▸ Data for this exercise
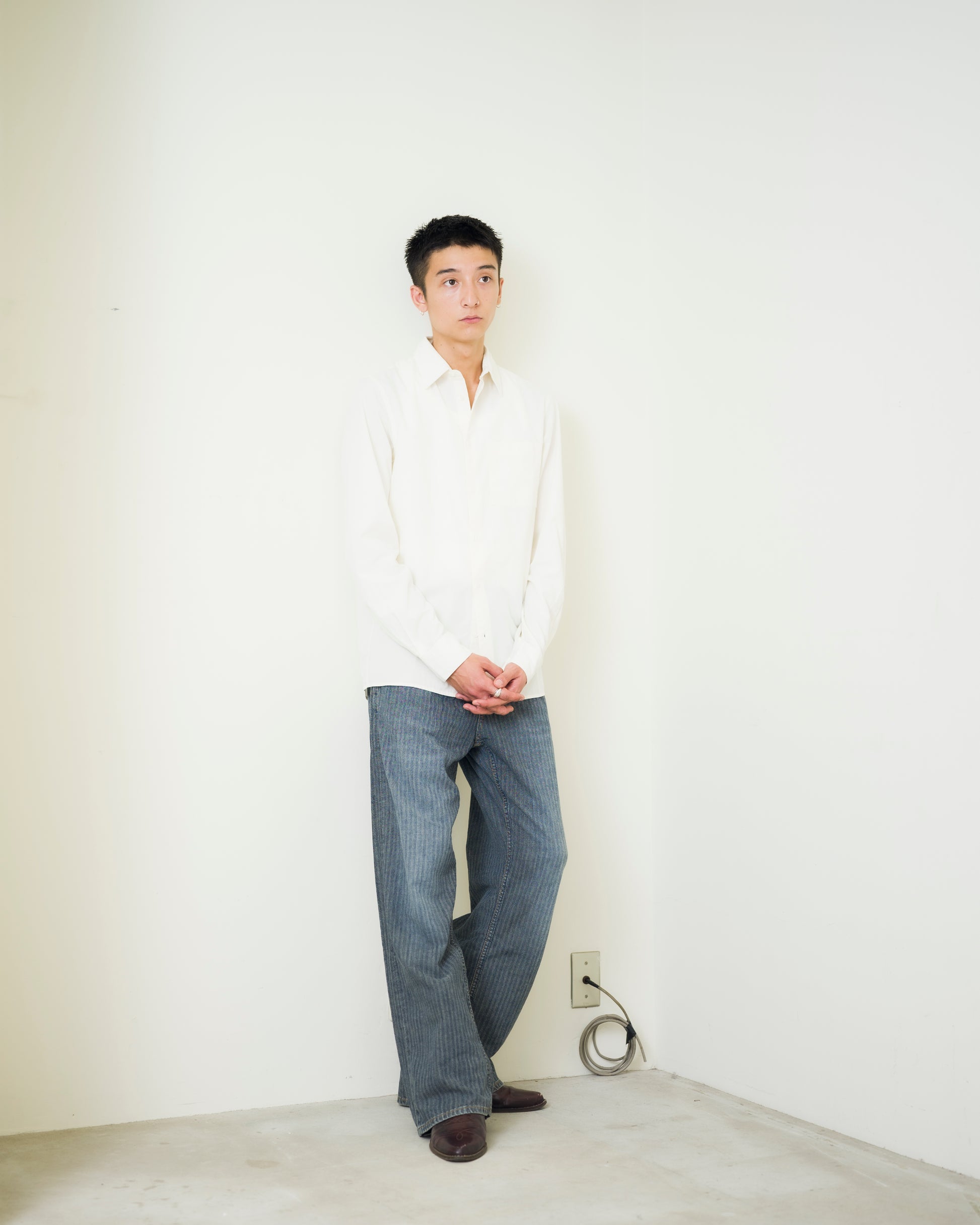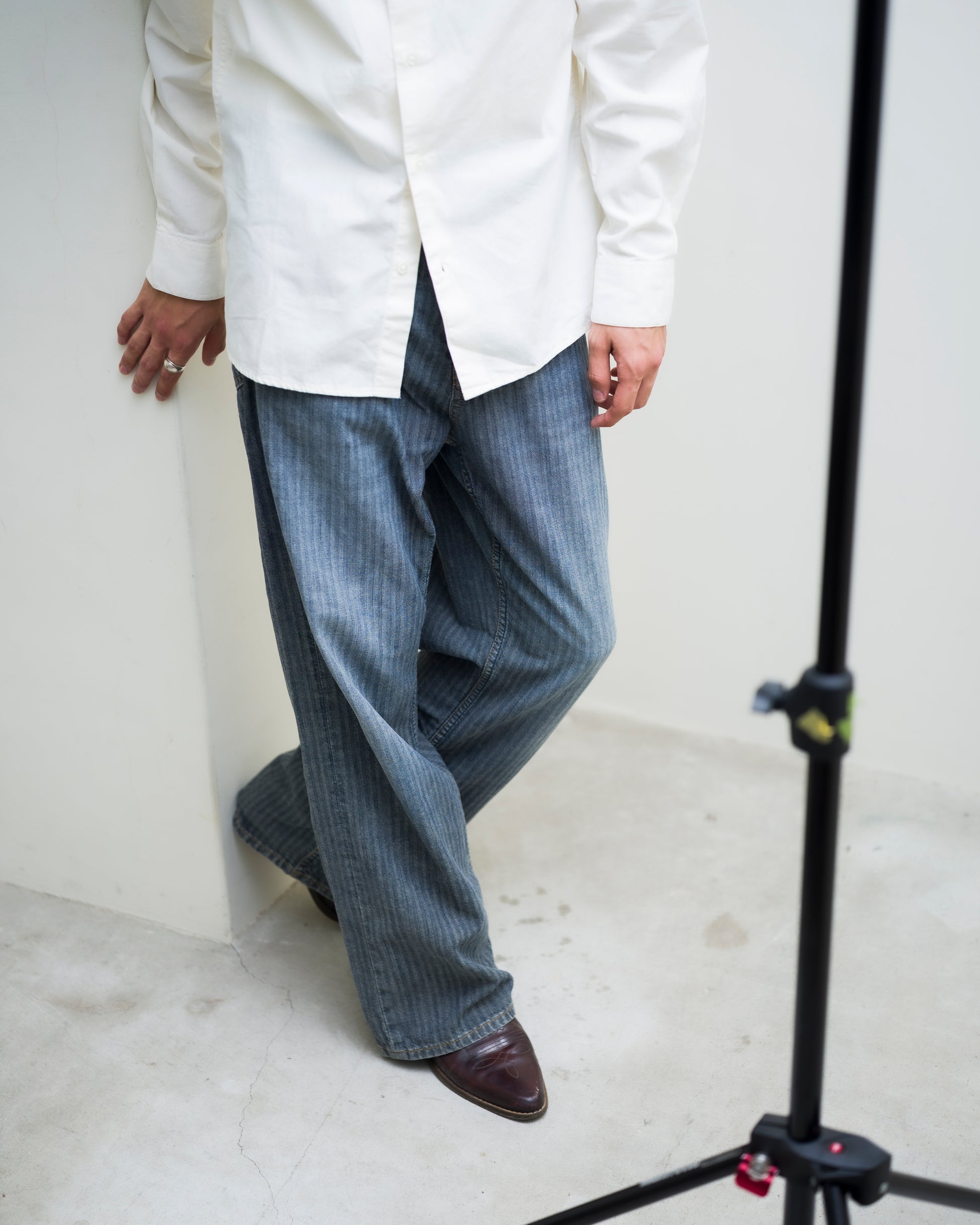 HOPE定番のCRISS JEANSは、ワイドレッグシルエットの5ポケットデニム。
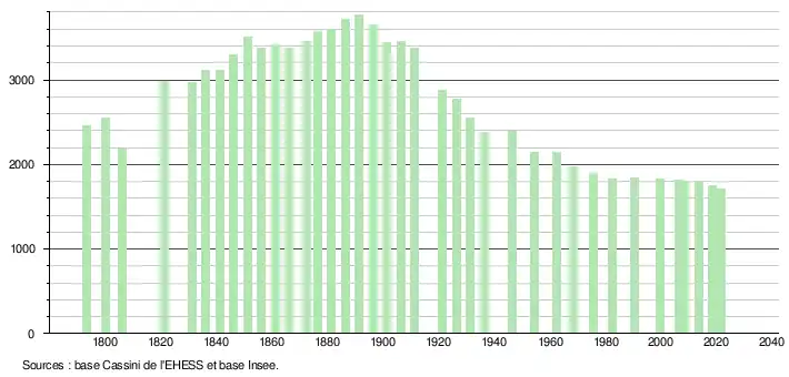 L'évolution du nombre d'habitants est connue à travers les recensements de la population effectués dans la commune depuis 1793. Pour les communes de moins de 10 000 habitants, une enquête de recensement portant sur toute la population est réalisée tous les cinq ans, les populations légales des années intermédiaires étant quant à elles estimées par interpolation ou extrapolation[28]. Pour la commune, le premier recensement exhaustif entrant dans le cadre du nouveau dispositif a été réalisé en 2008[29].
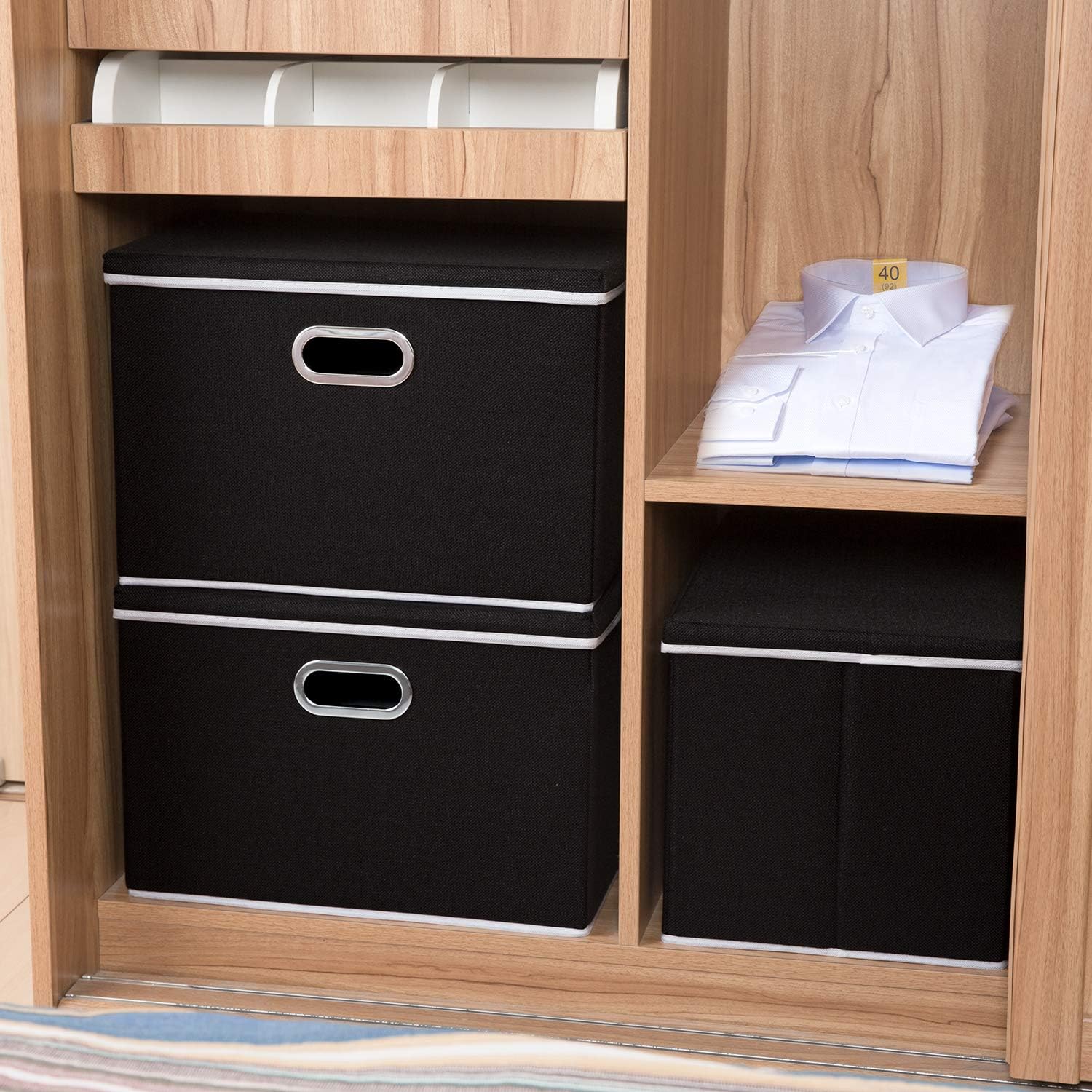 PRANDOM Large Foldable Storage Boxes with Lids [5-Pack] Organizer Containers Baskets Cube with Cover for Home Bedroom Closet Office Black17.7x11.8x11.8 For 6+ Year Old Boys and Girls
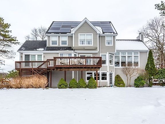 Highest & Best Monday by 5:00pm. Amazing views of the Cape Cod Canal will take your breath away from this one-owner custom-designed Contemporary in a great neighborhood. The 3000+ sq. ft. of living space is designed for entertaining w/step-down living room w/cathedral ceiling, fireplace, and separate wetbar area and a family room w/cathedral ceiling, columns and French doors to balcony and deck w/elec. awning overlooking fenced yard. Gourmet kitchen w/granite and huge island w/sink. Huge walk-in closet in master bed w/whirlpool and double sinks in master bath. Interior features gleaming hardwood floors and tiled baths, central air, first floor laundry room. One year old arch. roof, automatic generator, irrigation system, and leased solar panels for electric efficiency. Full walkout basement for future expansion and att. garage. Walk, bike, hike, fish or picnic along the canal or enjoy nearby beaches. First showings by appointment only Sat. and Sun., Jan. 9 and 10, from 11:00 to 12:30.
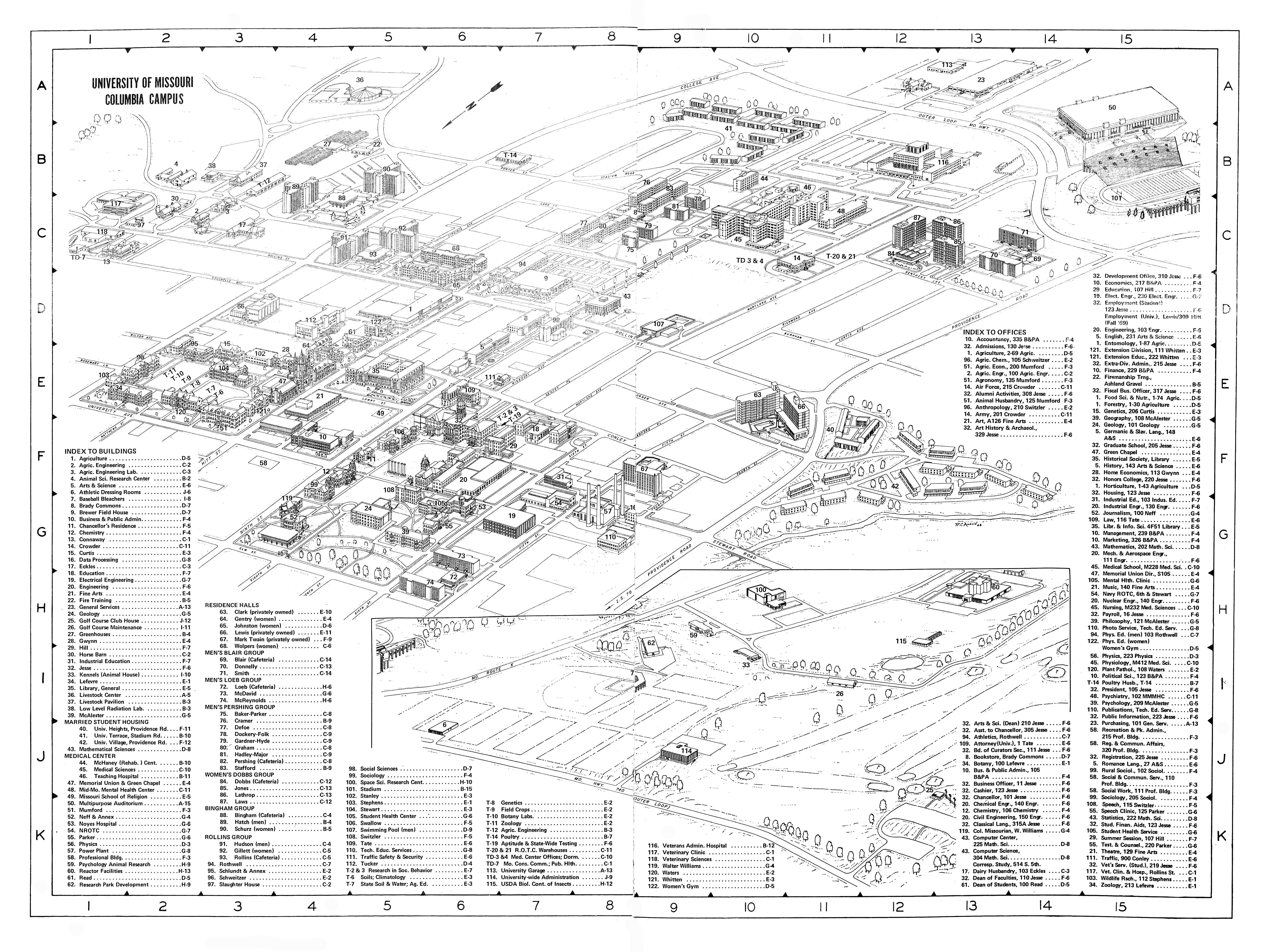 This map shows the locations of buildings on the University of Missouri campus, labeled by number and letter.
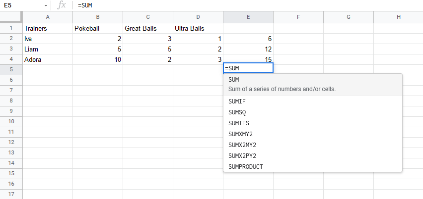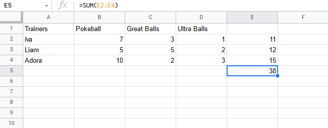 Let's help Iva to count her Pokeballs. You find Iva in A2(Iva). The values in row 2 B2(2), C2(3), D2(1) belong to her.
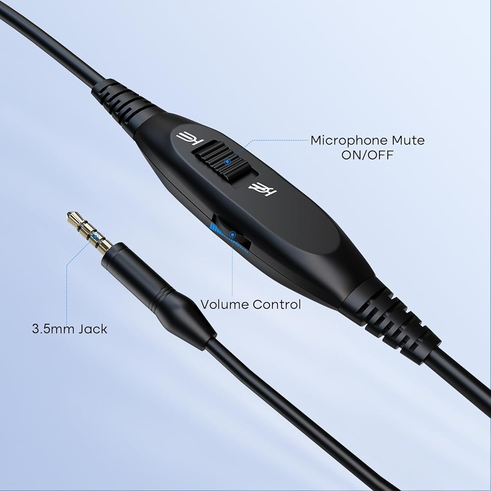 Comfortable Design: This wired headphone with microphone features a comfortable design that allows for extended use. The lightweight and adjustable headband and microphone ensure a perfect fit, while the soft ear cushions help reduce fatigue and strain.
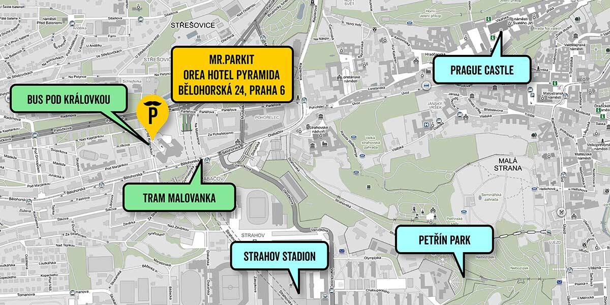 Pohodlné a rychlé parkování v lukrativní lokalitě v blízkosti Břevnova a Pražského hradu najdete na parkovišti Hotelu OREA Pyramida - Pod Královkou 6, které se nachází za hotelem. Jedná se o soukromé parkoviště hotelu OREA Pyramida.
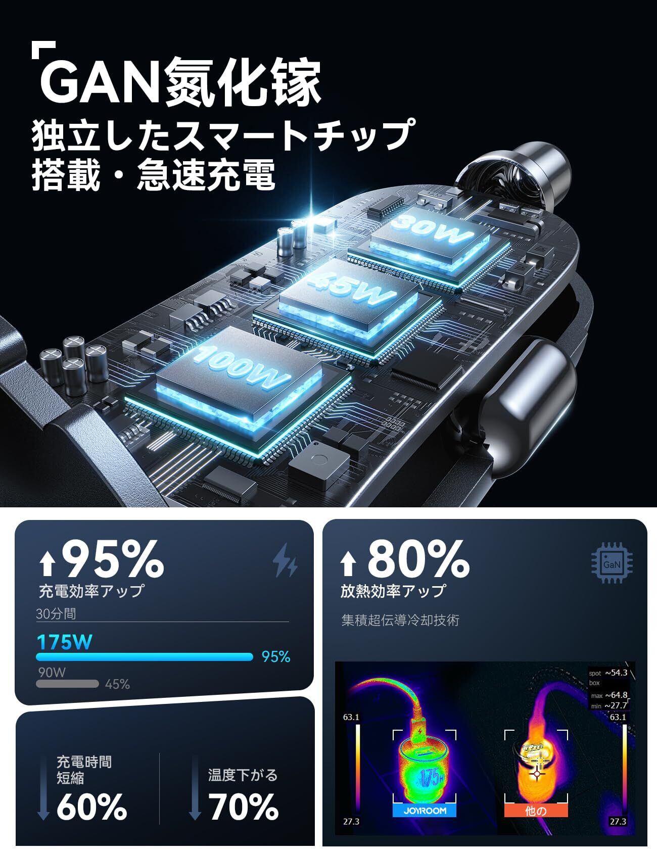 JOYROOM シガーソケット USB-C カーチャージャー 175W 【100W USB Cケーブル付き・急速充電】3ポート【PD 100W/45W+QC3.0】独立3チップ設計 多重保護 車載充電器 ノートPC/パソコン/MacBook/iPhone/Android/など対応
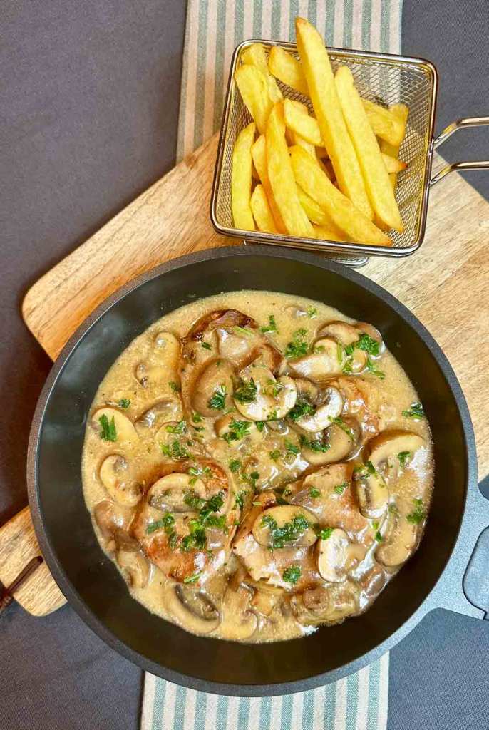 Ich mag die deftige Küche, besonders dann, wenn die Gerichte simpel sind – doch aber fein schmecken. Die Kombination dieser Zutaten passen wirklich perfekt zusammen und das Ergebnis ist eine geschmacklich harmonische Pfanne, die in meiner Familie jeder mag. Das Gericht ist nicht zu scharf, ohne Alkohol und kann bedenkenlos der ganzen Familie, auch mit Kindern serviert werden. Ich verwende für dieses Gericht Schweinefilet, doch auch Rind oder Geflügel kann verwendet werden. Beim nächsten Mal möchte ich das Ganze einmal mit Wild ausprobieren, was nicht nur zum Namen passt. Zur Jägerpfanne reiche ich Pommes, aber auch Kroketten, Reis, Salzkartoffel oder Spätzle schmecken dazu. Ob ihr braune oder weiße Champignons verwendet ist völlig egal, die braunen sind nur optisch ansprechender.

▸ To do
The pictures alone are to be left out when the data above is copied; all else must match exactly.

▸ Task solution
 HOPE定番のCRISS JEANSは、ワイドレッグシルエットの5ポケットデニム。
 L'évolution du nombre d'habitants est connue à travers les recensements de la population effectués dans la commune depuis 1793. Pour les communes de moins de 10 000 habitants, une enquête de recensement portant sur toute la population est réalisée tous les cinq ans, les populations légales des années intermédiaires étant quant à elles estimées par interpolation ou extrapolation[28]. Pour la commune, le premier recensement exhaustif entrant dans le cadre du nouveau dispositif a été réalisé en 2008[29].
 PRANDOM Large Foldable Storage Boxes with Lids [5-Pack] Organizer Containers Baskets Cube with Cover for Home Bedroom Closet Office Black17.7x11.8x11.8 For 6+ Year Old Boys and Girls
 Highest & Best Monday by 5:00pm. Amazing views of the Cape Cod Canal will take your breath away from this one-owner custom-designed Contemporary in a great neighborhood. The 3000+ sq. ft. of living space is designed for entertaining w/step-down living room w/cathedral ceiling, fireplace, and separate wetbar area and a family room w/cathedral ceiling, columns and French doors to balcony and deck w/elec. awning overlooking fenced yard. Gourmet kitchen w/granite and huge island w/sink. Huge walk-in closet in master bed w/whirlpool and double sinks in master bath. Interior features gleaming hardwood floors and tiled baths, central air, first floor laundry room. One year old arch. roof, automatic generator, irrigation system, and leased solar panels for electric efficiency. Full walkout basement for future expansion and att. garage. Walk, bike, hike, fish or picnic along the canal or enjoy nearby beaches. First showings by appointment only Sat. and Sun., Jan. 9 and 10, from 11:00 to 12:30.
 This map shows the locations of buildings on the University of Missouri campus, labeled by number and letter.
 Let's help Iva to count her Pokeballs. You find Iva in A2(Iva). The values in row 2 B2(2), C2(3), D2(1) belong to her.
 Comfortable Design: This wired headphone with microphone features a comfortable design that allows for extended use. The lightweight and adjustable headband and microphone ensure a perfect fit, while the soft ear cushions help reduce fatigue and strain.
 Pohodlné a rychlé parkování v lukrativní lokalitě v blízkosti Břevnova a Pražského hradu najdete na parkovišti Hotelu OREA Pyramida - Pod Královkou 6, které se nachází za hotelem. Jedná se o soukromé parkoviště hotelu OREA Pyramida.
 JOYROOM シガーソケット USB-C カーチャージャー 175W 【100W USB Cケーブル付き・急速充電】3ポート【PD 100W/45W+QC3.0】独立3チップ設計 多重保護 車載充電器 ノートPC/パソコン/MacBook/iPhone/Android/など対応
 Ich mag die deftige Küche, besonders dann, wenn die Gerichte simpel sind – doch aber fein schmecken. Die Kombination dieser Zutaten passen wirklich perfekt zusammen und das Ergebnis ist eine geschmacklich harmonische Pfanne, die in meiner Familie jeder mag. Das Gericht ist nicht zu scharf, ohne Alkohol und kann bedenkenlos der ganzen Familie, auch mit Kindern serviert werden. Ich verwende für dieses Gericht Schweinefilet, doch auch Rind oder Geflügel kann verwendet werden. Beim nächsten Mal möchte ich das Ganze einmal mit Wild ausprobieren, was nicht nur zum Namen passt. Zur Jägerpfanne reiche ich Pommes, aber auch Kroketten, Reis, Salzkartoffel oder Spätzle schmecken dazu. Ob ihr braune oder weiße Champignons verwendet ist völlig egal, die braunen sind nur optisch ansprechender.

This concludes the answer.